Another strategy to improve outcome of completely resected NSCLC is the use of Antigen-Specific Cancer Immunotherapeutics which should stimulate the immune system to recognize and eliminate cancer cells in a highly specific manner. An interesting tumor-specific antigen is MAGE-A3 which can be detected in about 35% of early-stage NSCLC but not in normal cells. A randomized, placebo-controlled phase II trial indicated that vaccination with MAGE-A3 vaccine in MAGE-A3 positive patients with stage IB or II NSCLC reduces the relative risk of recurrence by 27% (26).
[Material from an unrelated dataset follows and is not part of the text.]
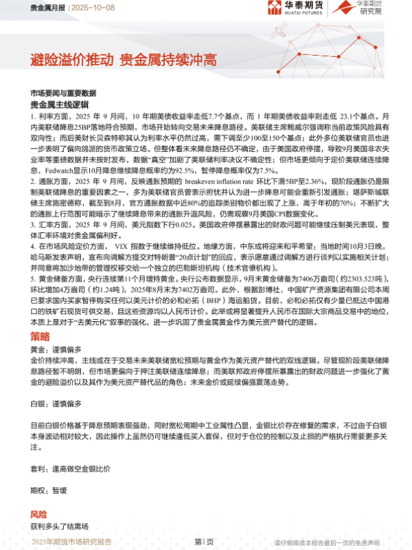 【华泰期货】【202510】贵金属月报_避险溢价推动_贵金属持续冲高-9页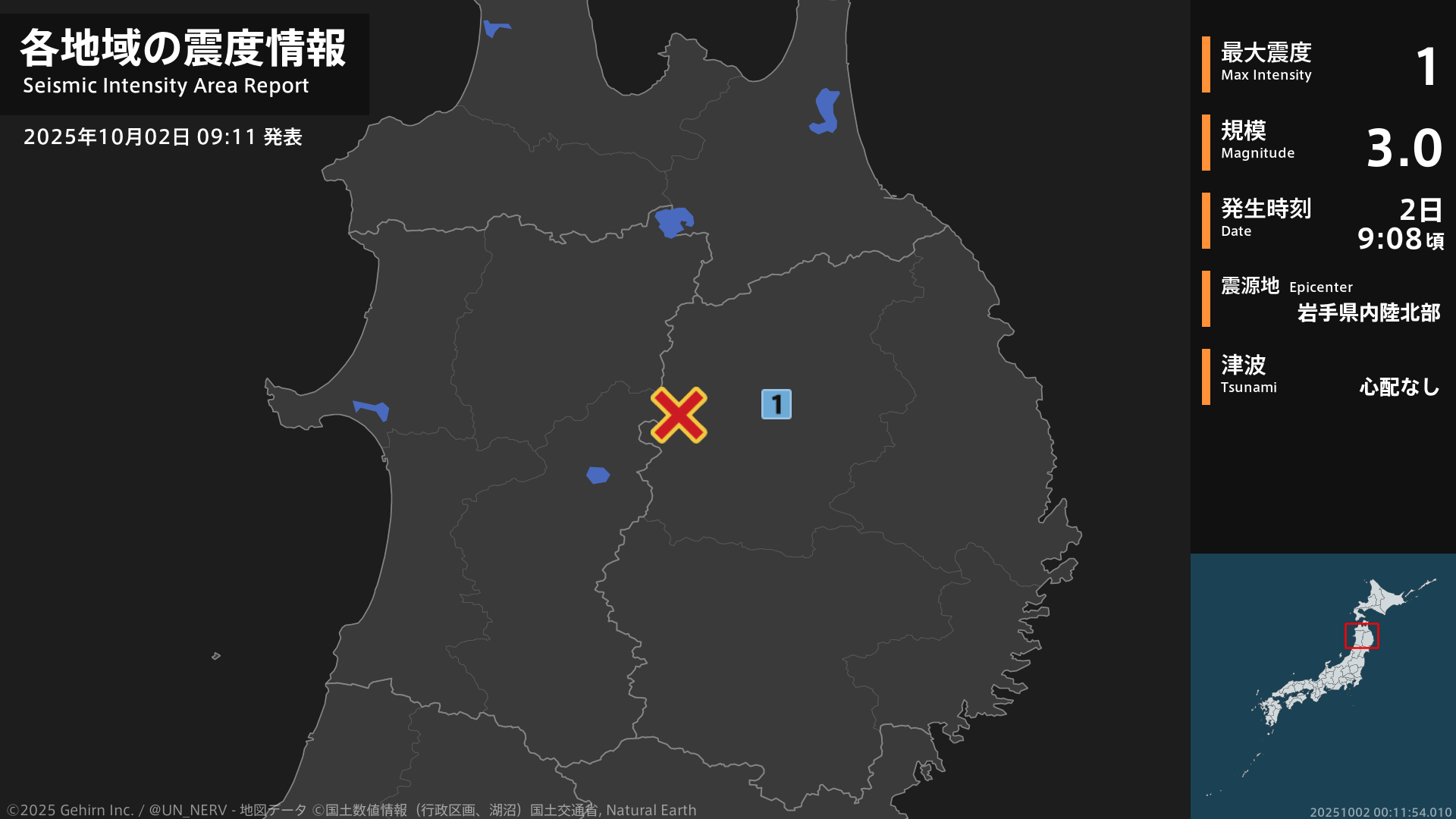 9時8分頃、岩手県内陸北部を震源とする地震がありました。震源の深さは約10km、地震の規模はM3.0、最大震度1を岩手県で観測しています。この地震による津波の心配はありません。

These encouraging results led to the currently ongoing phase III trial (MAGRIT) comparing vaccination with observation alone in patients with completely resected NSCLC.

CONCLUSION

Adjuvant cisplatin-based chemotherapy is now a standard of care for patients with completely resected NSCLC stage II-III and in selected patients with stage I NSCLC. Further improvements of adjuvant treatment for early-stage NSCLC patients are expected by the implementation of customized chemotherapy, the integration of targeted therapies and cancer immunotherapy.